Un apiculteur en combinaison de protection manipule des cadres de ruche remplis de rayons dorés.

À Alès, les ruches surprennent malgré la sécheresse

Quarante kilogrammes de miel ont été récoltés dans les ruches municipales d’Alès, soit deux fois plus que lors de la précédente récolte. Ce résultat a été annoncé par la Ville d’Alès après l’intervention organisée mercredi 2 septembre, en présence du maire Christophe Rivenq et du maire honoraire Max Roustan.

La quantité constitue le principal enseignement de cette récolte : malgré de très fortes chaleurs et une sécheresse ayant durement affecté la floraison, les abeilles ont produit davantage de miel que l’année précédente. Le compte rendu municipal ne fournit toutefois ni relevé détaillé de la production par ruche ni données permettant d’isoler les causes de cette hausse.

Une récolte multipliée par deux en un an

Les 40 kg recueillis représentent un doublement sur un an. Par déduction, la récolte précédente se situait autour de 20 kg, même si la Ville ne communique pas de chiffre exact pour chaque ruche ni d’informations sur une éventuelle évolution du nombre de colonies.

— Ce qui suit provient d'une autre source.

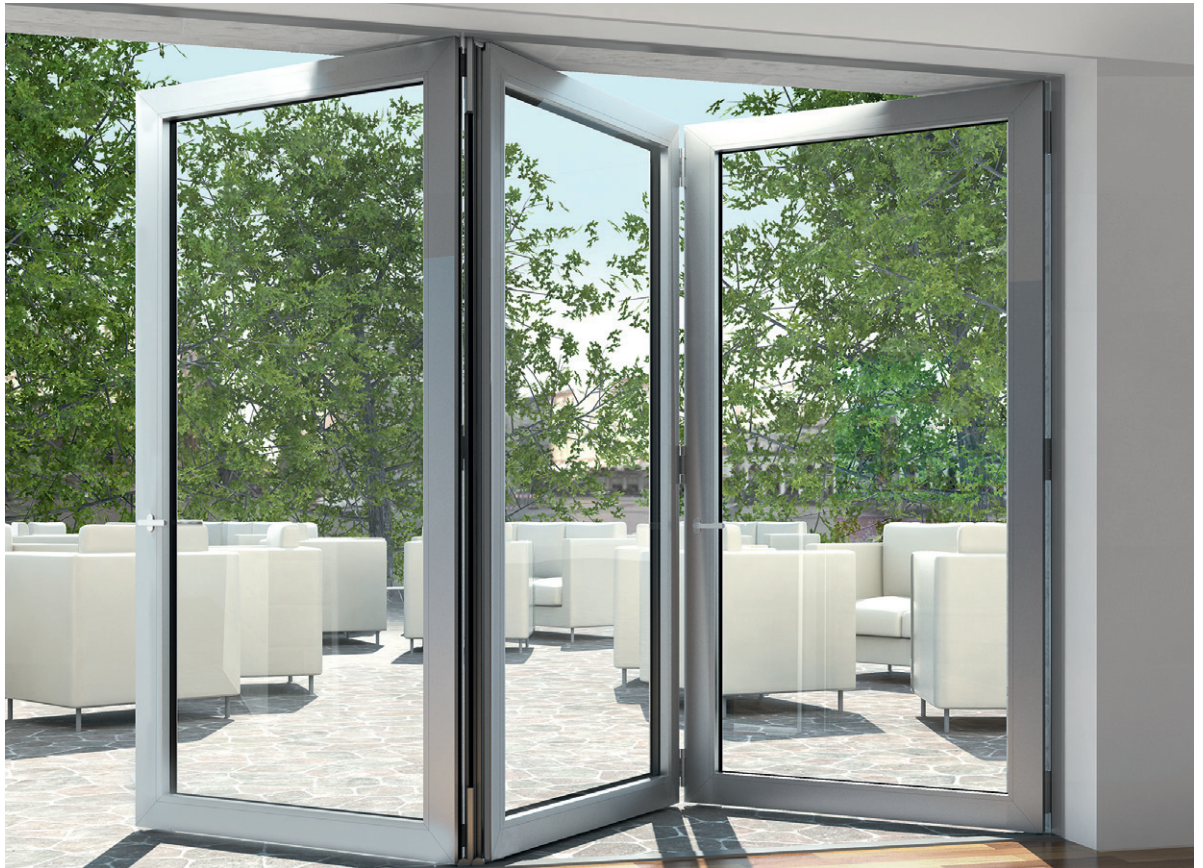
Schüco ASS 70 FD sistem pliant izolat thermically insulated folding sliding system

Sistemele pliante Schüco oferă avantajele unei game diverse de variante constructive, acționare silențioasă, etanșeitate și transparență când sunt închise. În funcție de domeniul de utilizare sunt disponibile două variante:
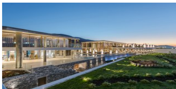
Blick auf die Anlage
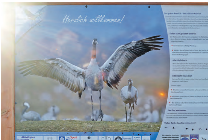
Viele Hinweistafeln informieren über Flora und Fauna.

man einen schillernden Eisvogel und der neue Aussichtsturm eignet sich besonders für die Kranichbeobachtung, ein einmaliges Schauspiel, sie bei ihrem Hochzeitsanzug oder dem abendlichen Anflug zu sehen.
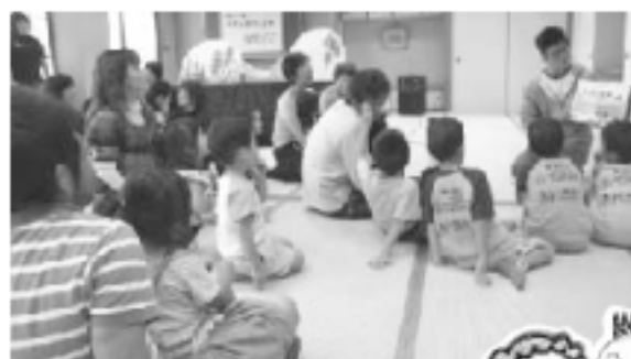
10月4日やまうちラブソーズ主催により「さざんかフェスタ」が開催されました。読み聞かせにはお父さんも参加、楽しい会になりました。

Cette comparaison montre une progression ponctuelle de la production du rucher municipal. Elle ne suffit pas à établir une tendance durable, car le volume de miel peut varier selon la floraison disponible, les conditions météorologiques et l’état des colonies. Aucun bilan pluriannuel n’est fourni dans la publication municipale.

À Rochebelle, des ruches entourées de végétation

Les abeilles sont installées depuis deux ans sur les hauteurs du quartier de Rochebelle. La Ville d’Alès précise que les ruches se trouvent au milieu de la végétation, un emplacement qui donne aux colonies accès aux floraisons présentes dans leur environnement proche.

Ce cadre permet de mieux comprendre la dimension urbaine du projet : le miel est produit à l’intérieur du territoire communal, dans un secteur végétalisé. La source ne détaille cependant ni les espèces butinées, ni la superficie parcourue par les abeilles, ni les caractéristiques gustatives de cette récolte.

La floraison fragilisée, mais un rendement supérieur

La chaleur et la sécheresse ont pesé sur la floraison, selon le bilan publié par la Ville d’Alès. Ces conditions auraient pu réduire les ressources disponibles pour les abeilles, mais la récolte finale reste supérieure à celle de l’année précédente.

Le chiffre de 40 kg ne démontre pas que les effets de la sécheresse ont été sans conséquence. Il indique seulement que, dans les ruches municipales de Rochebelle, la quantité récoltée a doublé malgré ce contexte défavorable. Le communiqué ne précise pas la destination du miel, le nombre de pots obtenus ou les modalités d’une éventuelle distribution.